[distcc] [patch] keep trying servers instead of falling back locally

Dan Kegel dank at kegel.com
Sat Aug 13 07:45:02 GMT 2005


Dan Kegel wrote:
> I should mention that the scheme is identical to having the hostnames
> distcc1
> distcc2
> distcc3
> ...
> in the hosts list, except that it discards missing servers
> without forcing any local compilations, and ignores
> servers which are on a different network than distcc1.

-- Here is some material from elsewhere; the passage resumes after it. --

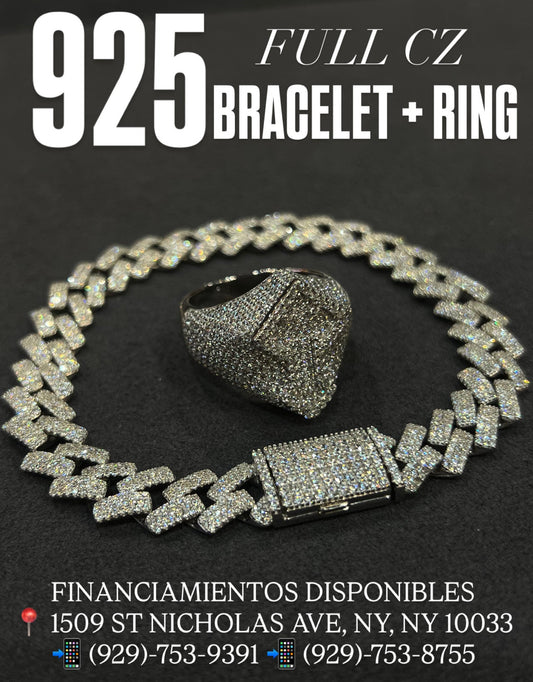 925 SOLID CUBAN BRACELET AND RING FULL CZ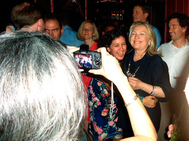 По его словам, сначала госсекретарь заказала в баре лишь воду, но кто-то из ее окружения предложил попробовать местное пиво, что Клинтон охотно и сделала. Через некоторое время одна из самых влиятельных женщин мира уже отплясывала с бутылкой в руках на танцполе под знаменитую кубинскую Guantanamera.

Here's a draft of the first part of the change, kindly written by
Tommy Kho of UCLA.
If the first server distcc tries is down,
instead of immediately falling back
to localhost, it tries more servers.

That way, you could use a huge constant host list (say,
distcc1 .. distcc64) even if you only have 16 real servers;
distcc will do a better job ignoring the bogus ones this way.

That's one tiny step towards better autodiscovery of distcc servers, I think,
without radically changing anything.

I haven't tried it myself yet, and I think it needs a limit on
the number of other servers it tries, but I'm putting it out
for comment.  Oh, ok, just to see if anybody's reading the list :-)
- Dan

-- 
Trying to get a job as a c++ developer?  See http://kegel.com/academy/getting-hired.html
-------------- next part --------------
A patch to make distcc keep trying servers if the first one can't be
connected to.  This may be useful if most of the servers are down,
and there is not yet any cached information about which servers are good.
e.g. if you only have 16 servers distcc1..distcc16,
but the host list has 64 hosts distcc1..distcc64 in it.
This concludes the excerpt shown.